Former UT football coach Phillip Fulmer speaks to athletes in Mi - WMC Action News 5 - Memphis, Tennessee

Former UT football coach Phillip Fulmer speaks to athletes in Mid-South

(SOURCE: Charles Schrimsher) (SOURCE: Charles Schrimsher)
(SOURCE: Charles Schrimsher) (SOURCE: Charles Schrimsher)

Best known for leading the Tennessee Volunteers in the first ever BCS National Championship game in 1998 and defeating the Florida State Seminoles (23-16), Phillip Fulmer visited the Mid-South to encourage and motivate young athletes in Bolivar.

Fulmer lead the Volunteers as head football coach for 20 years. He is easily recognized as one of the legendary sports figures in the Southeastern Conference, as well as in college football. Fulmer is also a native son of Tennessee and a championship winning coach. 

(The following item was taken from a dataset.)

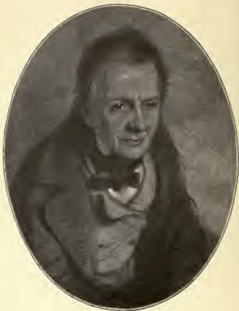
Thomas Dr. Quincey.

He addressed the crowd of approximately 400 at Bolivar Central High School gathered to honor the nominees and recipients of the Bolivar Central High School inaugural sports awards.

Fulmer told the athletes they should never forget where they came from when they become an adult, and he encouraged them to always give back. 

"I never forgot where I came from," Fulmer told the athletes before the ceremony.

He also told them to expect failures, but to rise above them. 

"No one likes it when things don't go your way," Fulmer said. "But, you have to look at your program every day and ask yourself 'Are we getting better?'"

Fulmer encouraged the athletes to always work toward being better, but focus on what they are good at while looking at ways to improve.

"Maximize your strengths and minimize your weaknesses," Fulmer said. 

He said some of the best resources everyone has is the people you choose to surround yourself with and the choices you make regarding your circle of influence. 

"Make sure you surround yourself with people who will lift you up," Fulmer said.

The Tennessee Vols recently announced they will have a camp at Tennessee State University in Nashville, following suit with Michigan and Penn State who have had multiple camps throughout the South over the past couple years. When asked his opinion on satellite camps, he said it has its advantages and disadvantages. 

"It's a good thing to get kids who don't have access to enough money to make contact with the coaches to be seen, but at the same time, it's another thing pulling coaches from campus," Fulmer said. "When I was in it, we'd recruit a bunch of players, and as soon as we got them on campus, we were gone again recruiting the next group."

Fulmer said if he had it his way, the NCAA would look more like the NFL in terms of recruiting.

"I wish NCAA would become like the NFL where you have a group of coaches who are there to coach football and then another set to handle recruiting and that sort of thing," Fulmer said.

Fulmer lives in Maryville with his wife and owns a business. However, he has not left the football business either. He is still very instrumental in reviving the football program at East Tennessee State.

He was also recently placed on the President's Council at the University of Tennessee and has a statewide radio show in the fall each year.